━━━ Material provided

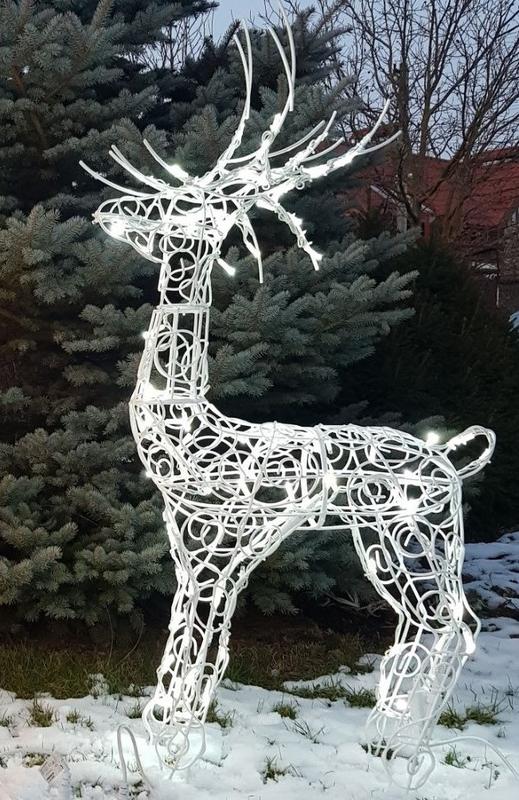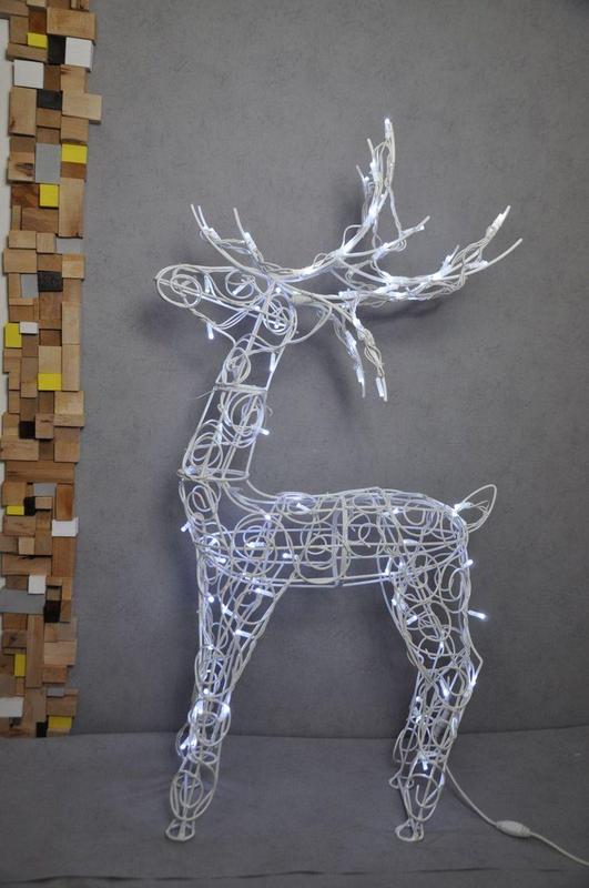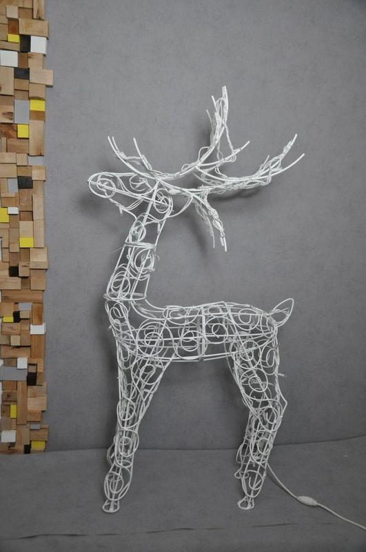 Рождественская гирлянда в виде объемного оленя белого цвета. Выглядит красиво,
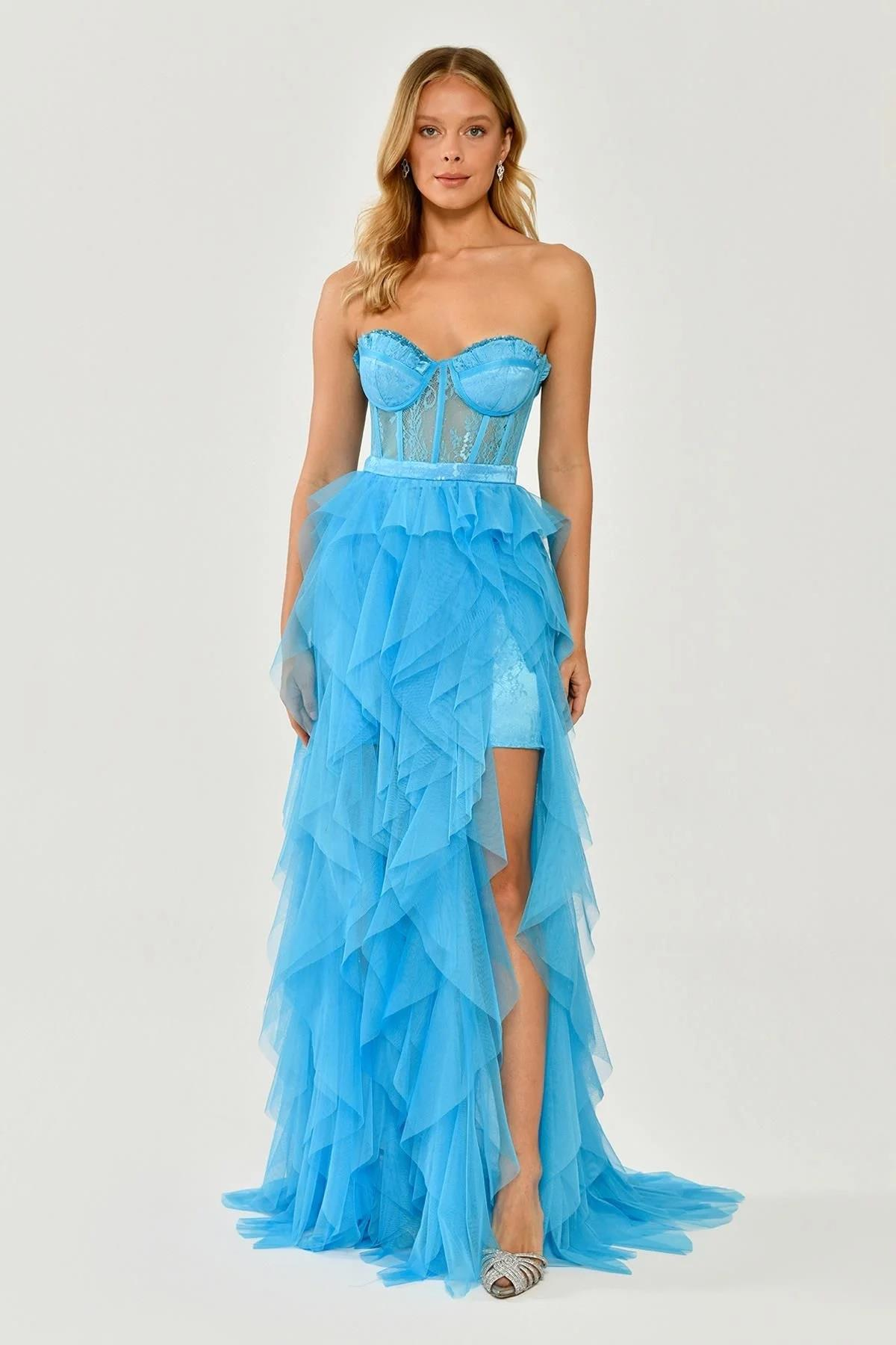 Straplez Yırtmaçlı Katlı Tül Elbise (5576)
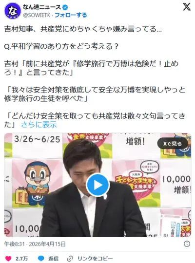 吉村「共産はどんだけ対策しても万博は危険と騒いだのに、なぜ死者が出た辺野古を批判しないんだ?」
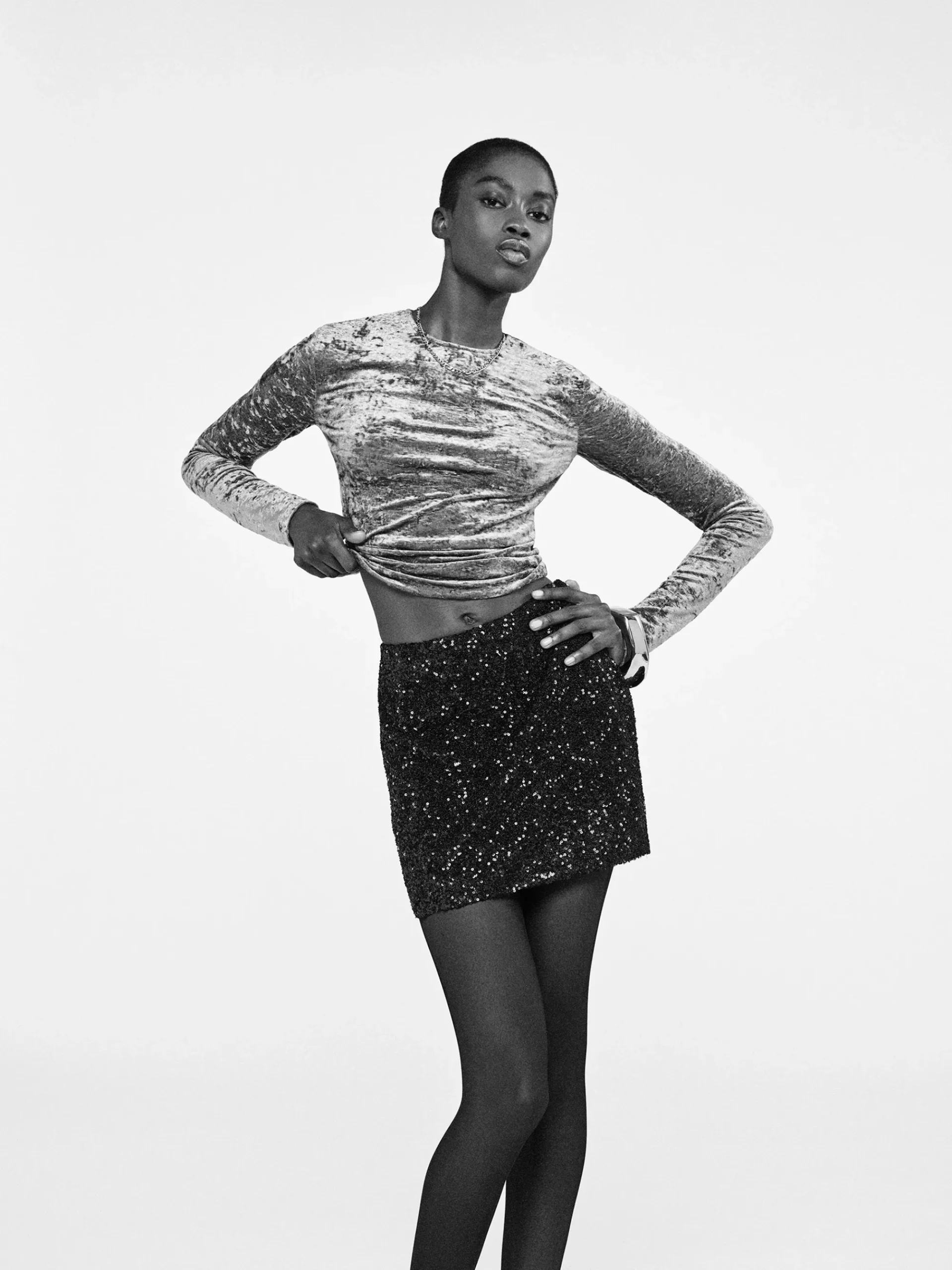 Swap your basic long-sleeve top for standout texture. Crafted from soft velvet, this classic form-fitting design gives a textural twist to fall and winter dressing. Zip her on with a skirt, or denim for an elevated everyday look.
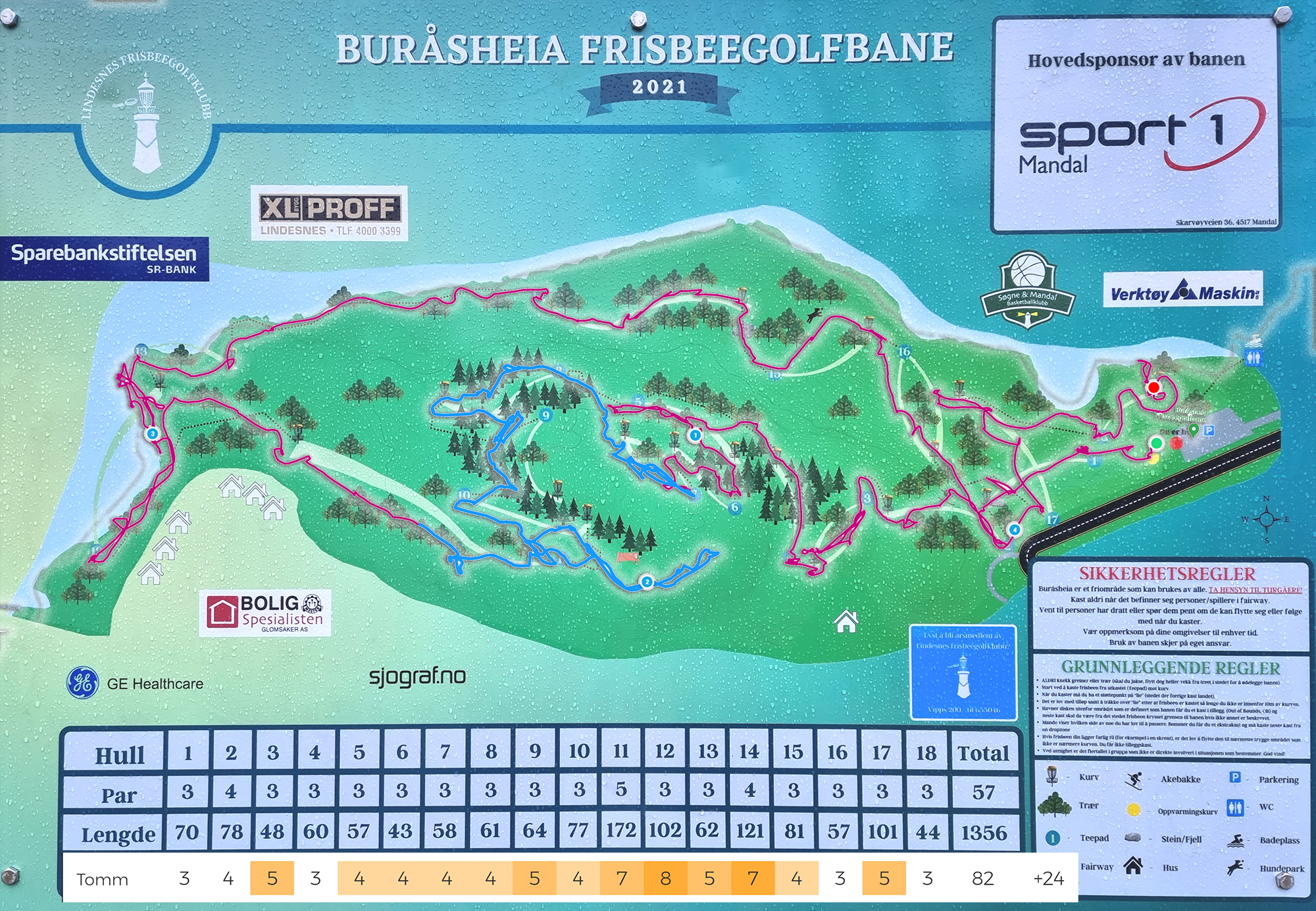 Buråsheia Frisbeegolfbane var turen verdt. Et flott stykke Mandal viste seg fram for oss. Fin og variert bane. Godt merket og fint vedlikeholdt. Tre av oss som liker å kaste disker dro til Mandal for å prøve denne banen vi ikke har kastet på før. Det er spennende å prøve nye ting. I alle fall noen ganger. Frisbeegolf er noe for alle. Vi møter unge gutter som kaster disken lengre på ett kast enn vi gjør på tre. De er flinke og prøver å dele av sin kunnskap om disker og teknikker. Lite vet de at slike opplysninger ikke fester seg hos oss. Enda vi skulle ønske det. Vi møter familier med små barn som kaster like langt som oss. Og til og med i den retningen de ønsker. Diskgolf er en sosial sport hvor de flinkeste og dårligste kan spille sammen. Og vi liker å være ute å gå tur uansett. Vi skravler og ler og kaster disker mot kurver. En av oss er flink. Det er ikke meg.

━━━━━━

Work required – Here the job is to print the data above exactly, except for any pictures.

Solution –
 Рождественская гирлянда в виде объемного оленя белого цвета. Выглядит красиво,
 Straplez Yırtmaçlı Katlı Tül Elbise (5576)
 吉村「共産はどんだけ対策しても万博は危険と騒いだのに、なぜ死者が出た辺野古を批判しないんだ?」
 Swap your basic long-sleeve top for standout texture. Crafted from soft velvet, this classic form-fitting design gives a textural twist to fall and winter dressing. Zip her on with a skirt, or denim for an elevated everyday look.
 Buråsheia Frisbeegolfbane var turen verdt. Et flott stykke Mandal viste seg fram for oss. Fin og variert bane. Godt merket og fint vedlikeholdt. Tre av oss som liker å kaste disker dro til Mandal for å prøve denne banen vi ikke har kastet på før. Det er spennende å prøve nye ting. I alle fall noen ganger. Frisbeegolf er noe for alle. Vi møter unge gutter som kaster disken lengre på ett kast enn vi gjør på tre. De er flinke og prøver å dele av sin kunnskap om disker og teknikker. Lite vet de at slike opplysninger ikke fester seg hos oss. Enda vi skulle ønske det. Vi møter familier med små barn som kaster like langt som oss. Og til og med i den retningen de ønsker. Diskgolf er en sosial sport hvor de flinkeste og dårligste kan spille sammen. Og vi liker å være ute å gå tur uansett. Vi skravler og ler og kaster disker mot kurver. En av oss er flink. Det er ikke meg.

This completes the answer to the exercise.